How Small Businesses in Boone are being Impacted by the COVID-19 Coronavirus

Published Monday, March 16, 2020 at 4:53 pm

By Nathan Ham

As America braces for the unknown with the spread of the COVID-19 coronavirus from coast to coast, it comes as no surprise that everyone is worried about their health and the health of their loved ones.

What might go unnoticed are the hours upon hours put in by local, small business owners and employees that are trying their best to keep up and keep the doors open during a scary time.

“We are here, open regular hours and will try and keep our staff their regular hours and keep them employed,” said Jeff Collins, owner and operator of Peabody’s Wine & Beer.

With students on an extended spring break at Appalachian State, classes shifting to online-only for the remainder of the spring semester and tourism taking a hit across the country with the threat of the coronavirus now is the time when your favorite local businesses need your help the most.

“It’s important for all businesses. Support them as much as you possibly can,” said Jeff.

The staff at Peabody’s is doing everything recommended by the Centers for Disease Control & Prevention (CDC) to offer the cleanest possible environment for patrons coming to stock up on their favorite craft beers and wine.

“The building may smell a little ‘bleachier’ than normal. We’re using spray bottles and disinfectants on the surfaces that people touch regularly and hand sanitizers are available. We will be as prudent and as diligent as a business can be,” Jeff said.

Peabody’s will begin offering curbside pickup service if you call ahead or email ahead to let them know what you want. Jeff added that they are also exploring possible delivery options for their customers as well, as all businesses are making adjustments to their services to carry forward. 

Just a little way up Highway 105 from Peabody’s is the always-popular Troy’s Diner. Owner Sandy Byrum knows that keeping busy and keeping the restaurant open means a lot to her customers and hard-working staff.

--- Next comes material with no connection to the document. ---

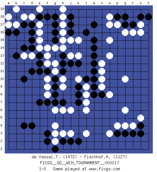 Last move : 1-0 2018 July 18 8:1:26 [Event "FICGS__GO__WCH_TOURNAMENT__000017"] [Site "FICGS"] [Date "2018.03.01"] [Round "1"] [Black "de Vassal,Thibault"] [White "Fischhof,Andrew"] [Result "1-0"] [Rating 1 "1472"] [Rating 2 "1127"] 1.d4 q4 2.d16 q16 3.c10 d13 4.g17 e16 5.d17 e17 6.d15 e15 7.d14 e14 8.e13 c13 9.c14 f13 10.e12 f14 11.d11 h16 12.j17 h17 13.j16 h18 14.m17 o17 15.m15 o15 16.j18 g4 17.c4 l3 18.e7 q10 19.r3 r4 20.q3 o3 21.p3 p4 22.s4 s5 23.s3 q6 24.r17 r16 25.q17 p17 26.p18 o18 27.q18 s17 28.s18 s16 29.t18 o13 30.m13 n12 31.m12 n11 32.m11 n10 33.m10 j15 34.m9 n9 35.m8 l6 36.n8 o8 37.k7 l7 38.k8 j6 39.h7 h6 40.g7 g6 41.g18 h19 42.e18 f12 43.f11 g11 44.h12 f10 45.e11 g12 46.h13 h14 47.g15 g14 48.g16 h15 49.l16 j13 50.j12 k13 51.k12 k15 52.m14 f8 53.g10 h10 54.g9 h9 55.g8 f9 56.f7 l8 57.k9 d18 58.f18 c18 59.c17 b17 60.b16 a18 61.b13 b19 62.a16 a17 63.f3 g3 64.f2 l9 65.h11 k10 66.l10 e19 67.h2 g2 68.g1 h3 69.j2 j3 70.k2 1-0 Here are the names of the openings (joseki) played in the four corners : Corner d16 : d16 d13 Hoshi (Hwajeom, Seongjeom, Xingwei`) 4-4 Point. The star or hoshi (4-4) point, emphasizing influence at the potential expense of territory. Niken Takagakari (Dukan Nop'dakeolch'im, E`r Gaojia, 2-Space High Approach). White 2 is a light approach move. Rarely played in even games, White 2 is typically employed in handicap games. Black continues with 6-4 or 3-10. In Korean Sunjang Baduk Black has a stone on 8-4. Corner q16 : q16 m17 Hoshi (Hwajeom, Seongjeom, Xingwei`) 4-4 Point. The star or hoshi (4-4) point, emphasizing influence at the potential expense of territory. Corner d4 : d4 g4 Hoshi (Hwajeom, Seongjeom, Xingwei`) 4-4 Point. The star or hoshi (4-4) point, emphasizing influence at the potential expense of territory. Niken Takagakari (Dukan Nop'dakeolch'im, E`r Gaojia, 2-Space High Approach). White 2 is a light approach move. Rarely played in even games, White 2 is typically employed in handicap games. Black continues with 6-4 or 3-10. In Korean Sunjang Baduk Black has a stone on 8-4. Player Black won this Go (weiqi, baduk) game. Follow this game move after move (download)Win the stones, lose the game. (Anonymous) If computers get too powerful, we can organize them into committees. That'll do them in. (Anonymous)

“We need to stay open, not as much for me but for our staff who lives paycheck to paycheck and students trying to put themselves through college. Even though they are not having classes, they still have to work,” said Sandy. “Everybody support your local restaurants because we need you and you need us.”

The diner employees have been working hard to keep the restaurants clean, from the door handles right down to the sugar packets.

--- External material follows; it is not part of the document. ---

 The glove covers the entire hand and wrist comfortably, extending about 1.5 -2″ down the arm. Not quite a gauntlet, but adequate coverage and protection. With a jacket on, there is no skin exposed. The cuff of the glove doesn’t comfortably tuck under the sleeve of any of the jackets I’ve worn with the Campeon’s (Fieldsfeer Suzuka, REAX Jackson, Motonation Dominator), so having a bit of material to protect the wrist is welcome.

“We are bleaching every table, every side of the table, every salt, pepper, sugar pack, ketchup, mustard; everything a customer touches between seatings. We’re wiping off doorknobs and handles inside and out,” said Sandy. “Any employees that are not feeling well are asked not to come in and we hope everybody that has symptoms are smart enough to stay home.”

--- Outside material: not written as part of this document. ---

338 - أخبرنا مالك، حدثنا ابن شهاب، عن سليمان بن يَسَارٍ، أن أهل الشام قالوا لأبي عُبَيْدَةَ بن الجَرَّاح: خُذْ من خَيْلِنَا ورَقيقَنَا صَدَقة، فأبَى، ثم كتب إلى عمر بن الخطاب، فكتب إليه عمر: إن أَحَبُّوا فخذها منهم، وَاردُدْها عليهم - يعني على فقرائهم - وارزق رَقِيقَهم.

Sandy says that customers who want to place to-go orders can have them brought out to their vehicles if they do not want to come inside.

“We as restaurant owners need to keep the general population safe but they also need to keep us safe on their end,” she said.

The Boone Area Chamber of Commerce is doing its part to help local businesses announce any changes to their store hours, operations such as curbside pickup at restaurants, online payments, delivery options and temporary closings. All of that information can be found at boonechamber.com/localresponse. The chamber also launched a #KeepBooneHealthy campaign to bring awareness to important public information surrounding the virus.

“It also helps rally people to make as many local purchasing decisions as possible during this time period. Many businesses have communicated procedural and operational changes over the weekend. Using this hashtag is a way we can aggregate the efforts of all of our small businesses to maintain healthy environments for their staff and customers,” said David Jackson, President/CEO of the Boone Area Chamber of Commerce.

In addition to the efforts to boost local businesses across the High Country, the chamber is seeking anyone interested in volunteering their time to help out local establishments that might be in need.

“As you can imagine, there are numerous needs for volunteers and support throughout our community. As you all know, many of our small businesses run on very thin margins at this time of year. With App State students and faculty off campus for the foreseeable future, any additional volume we can help generate through our local community would be greatly appreciated, provided it is done in a safe and responsible manner from a health standpoint. Many local agencies and non-profits are spending time and resources to ensure the health and safety of our most vulnerable populations. If you, your staff or your family, are interested in any volunteer opportunities during this time, please let us know. We are compiling a list to share with our local school system and various non-profit agencies of willing businesses that would like to lend a helping hand,” said Jackson. “In this time of difficult news and mass change, one thing has remained consistent—the compassion shown by the residents of the High Country. There have been so many heartwarming stories of outreach and support already. We know that as the next hours, days and weeks bring more change, we will be able to count on our community to step forward and provide assistance.”

To further plan for the potential economic hit small businesses will take during this rough time, Governor Roy Cooper has requested a disaster declaration from the U.S. Small Business Administration. If this declaration is granted, small business owners would be able to receive disaster loans to help with financial obligations and operating expenses.

“I’m asking the SBA for assistance so we can get relief to help business owners in our state weather the economic impacts of COVID-19,” said Governor Cooper. “We know that the new Coronavirus is already impacting businesses and this financial assistance will help.”